Thursday, July 1, 2010

Snooze Botton

Dear Readers,

I absolutely have writer's block when it comes to attempting to discuss my personal affairs. I don't know how to go about discussing my feelings about my divorce. Or how i might annalise what when wrong in the relationship.

I know i feel liberated, and i am now happy and content with myself. I do not morn the loss of love or companionship. I am not sure that we have had these for quite a while. What i do morn is that i haven't a clue what healthy and normal are, when it comes to love. What i do morn is that when someone speaks poetry or romance with me as the object of desire and love... i cry.

I cannot handle being loved or wanted. I cry because it is like such beauty either does not belong to me or it is some kind of manipulation. I fear manipulation, i fear the poison of lust I fear being fooled again.

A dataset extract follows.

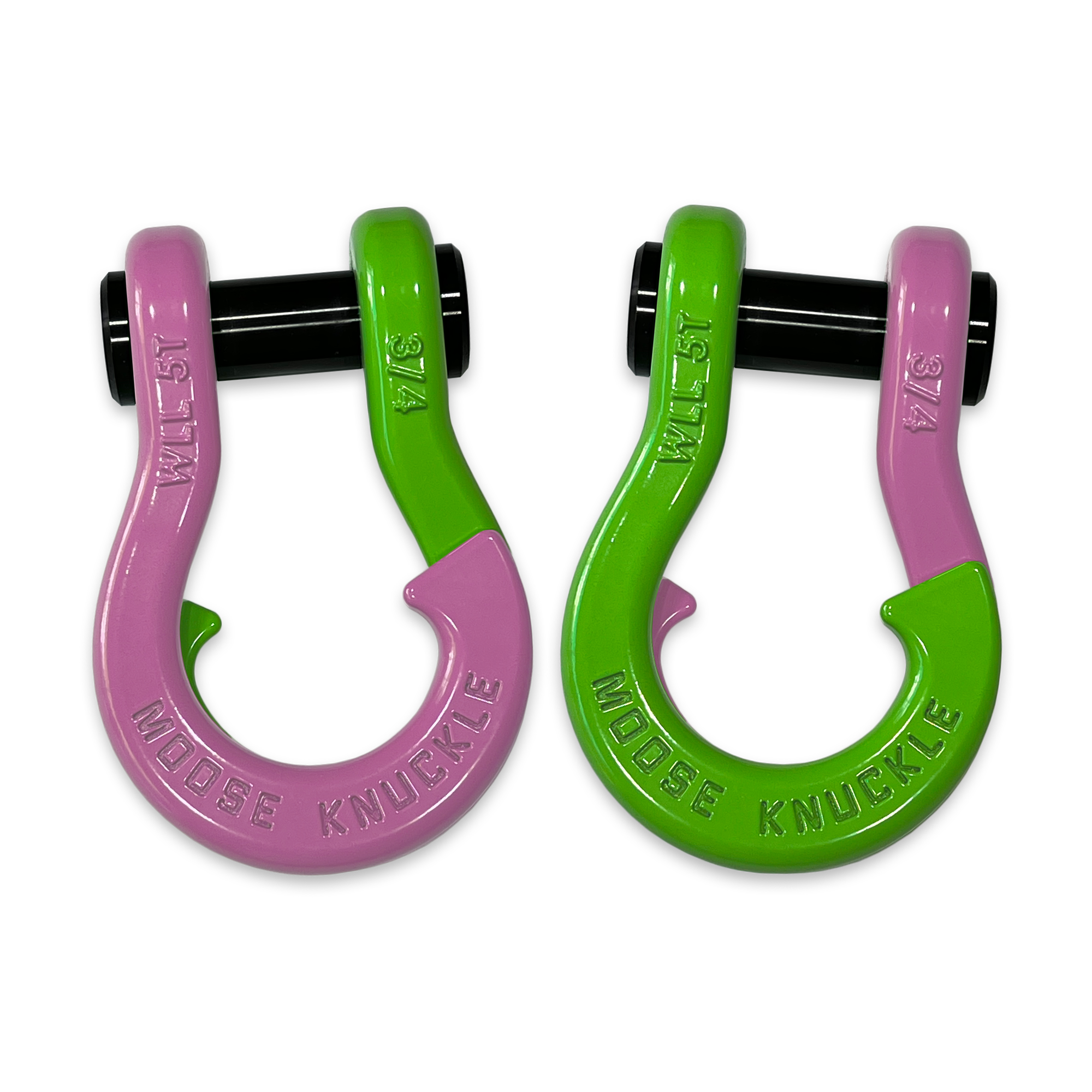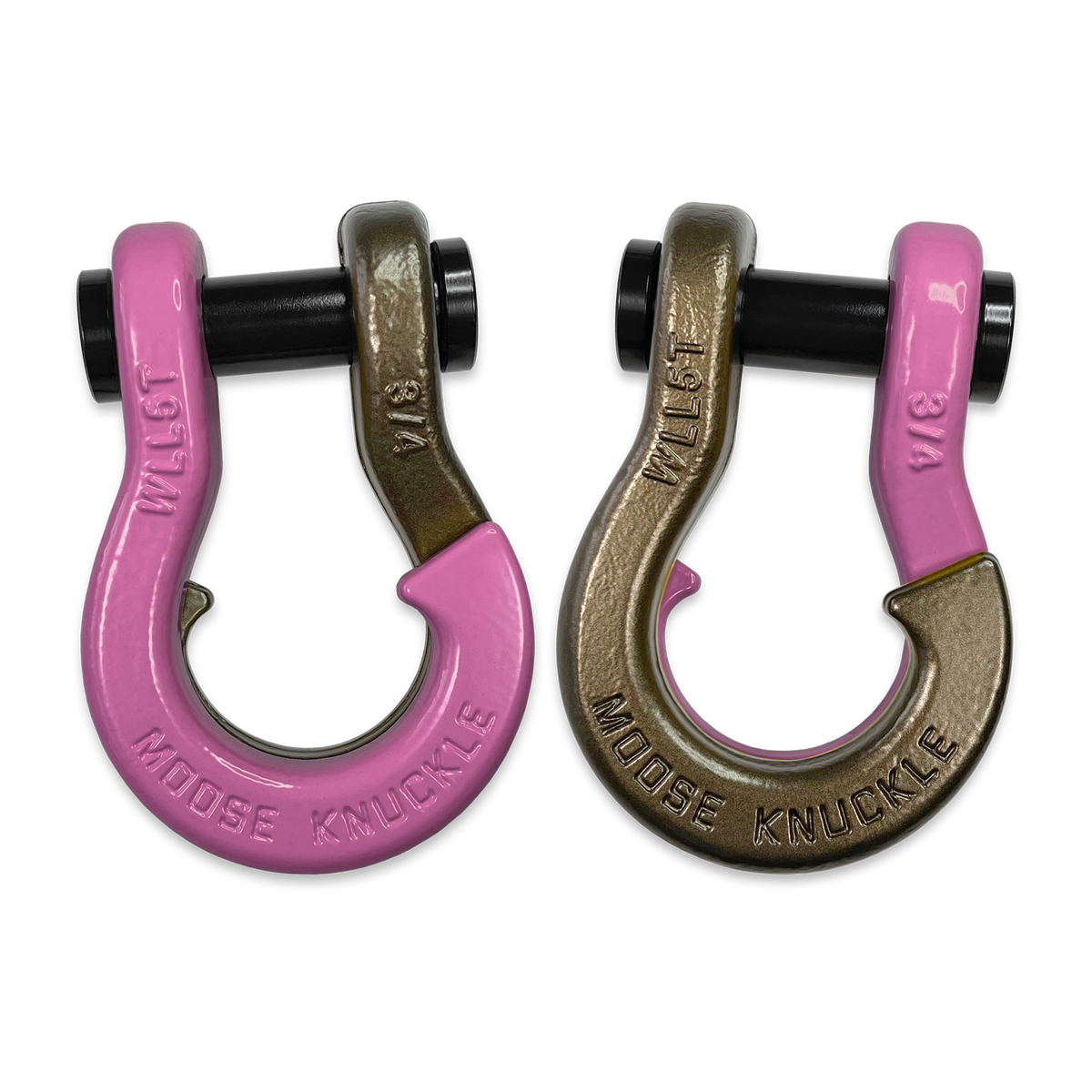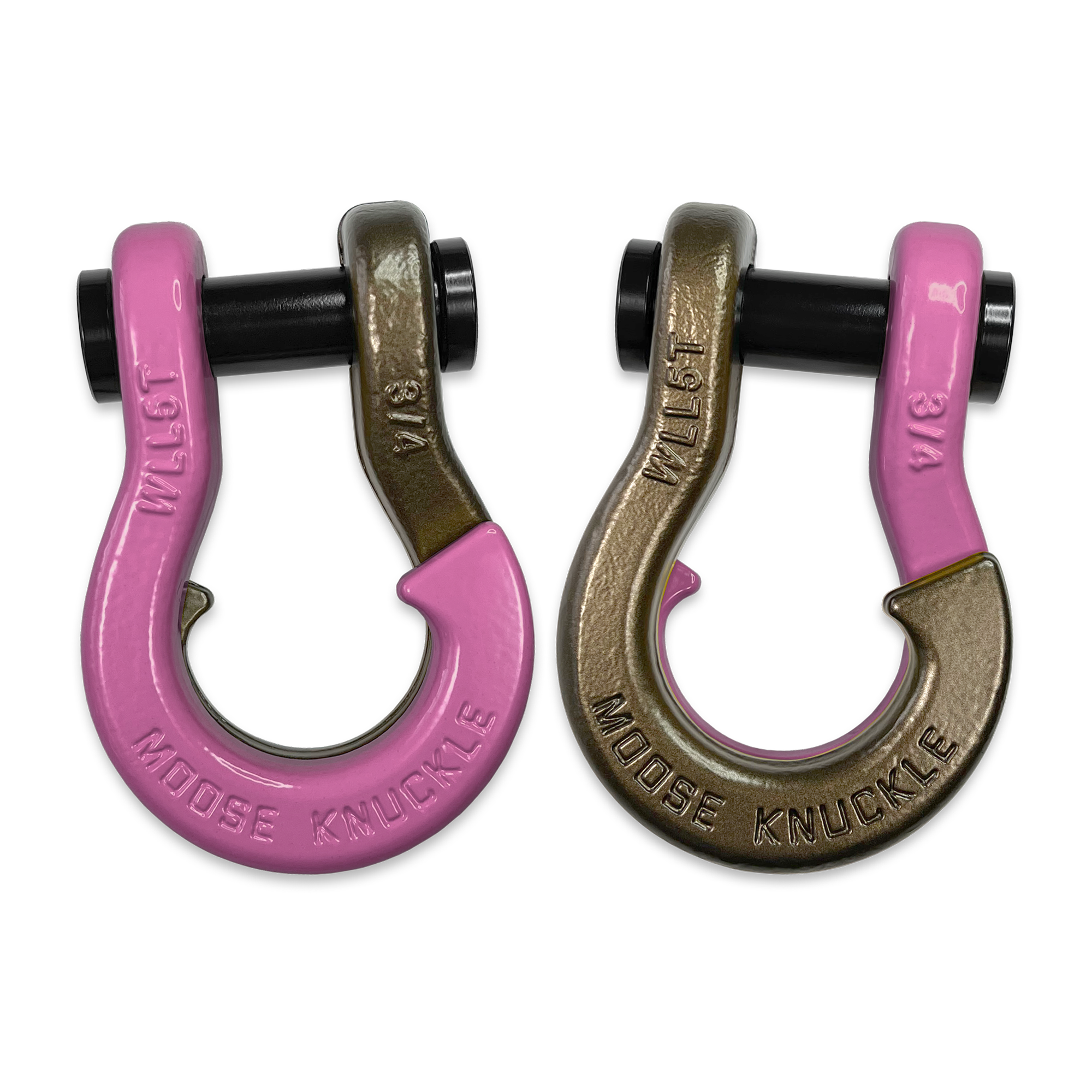 All color options are fully interchangeable. Buy two different color shackles and combine them to match the color scheme of your rig and give your build a more custom accented look. The hooked sides are fully covered with a durable powder coating pantone color matched to popular truck and Jeep colors. The shackle pin is Black Nickel plated and machined from High Strength Grade 8 Carbon Steel.

I have lost trust along the way to this divorce. I have forgotten how to love and be romantic. Frankly i believe I savor a life of asexual self union. Where the manipulations are at my discretion and i need not trust blindly in my methods, but i crave to know that the one i love i can trust completely and they will let me be strong and they will let me be weak and they will not be threatened either way.

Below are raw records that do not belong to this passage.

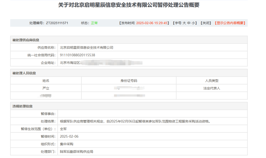 公告显示,经调查,北京启明星辰信息安全技术有限公司在参加采购活动中,涉嫌存在违规失信行为。根据供应商管理相关规定,自2025年02月06日起暂停其参加某系统范围物资工程服务采购活动资格。
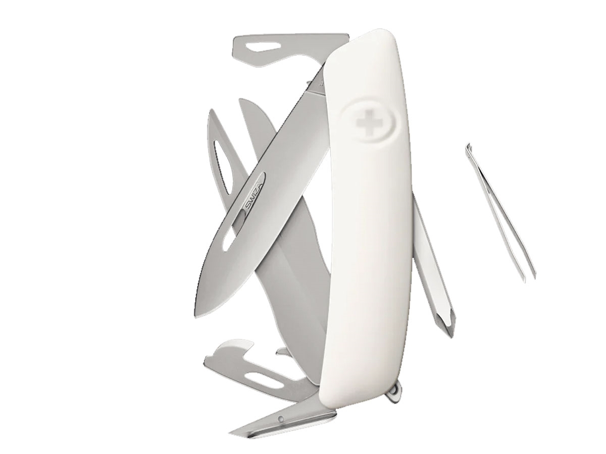 - Finitura satinata opaca di tutte le parti metalliche - Lama con blocco di sicurezza (si sblocca premendo la croce SWIZA) - Lama in acciaio inox 440 - Manico resistente e antigraffio, con una confortevole finitura soft-touch - Lama e attrezzi con unghiatura per facilitare l'apertura con la mano sinistra o destra
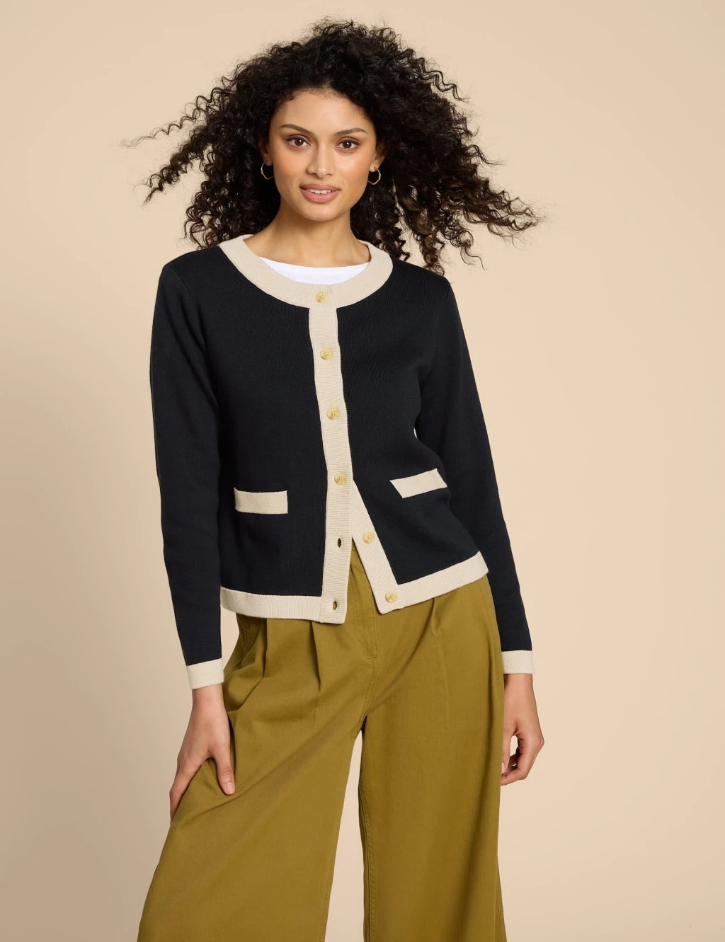 This pure cotton cardigan from White Stuff is an elegant transeasonal piece. It’s made in an easy regular fit, with a round neckline and button fastenings on the front. Contrast trims and faux front pockets give the piece a smart finishing touch.

I thought for at least 15 years that my husband was my other part. I thought we had the love of ages. That we where comfortable together. But it turns out that the pot nullified my sense of feeling as alone as i actually was. And for him the World of Warcraft and the drama of his friends provided his escape from the lack of support he felt i owed him.

When my intellect began to expand during the time of this blog, he was no part of my journey, he was no support to my pondering, and i had grown to develop and depend upon my self for my emotional support. Because he simply could not understand that it was that i needed form him. And i do not know enough about normal to explain to him how it was that i wanted his support. We had stopped being equals along long time ago. We had stopped being Compatible a long long time ago. We had stopped finding joy in each other .... and I moved on without him.

I feel that he kept trying to tie me back down to his world, and after a long long time his world became unto me a prison of conformity. Shackles of paranoid and out dated rules. The highest compliment i have gotten over the last six of these married years was that the house was well kept, that my cloths looked good, and that he liked to see me when i was excited and intellectually stimulated.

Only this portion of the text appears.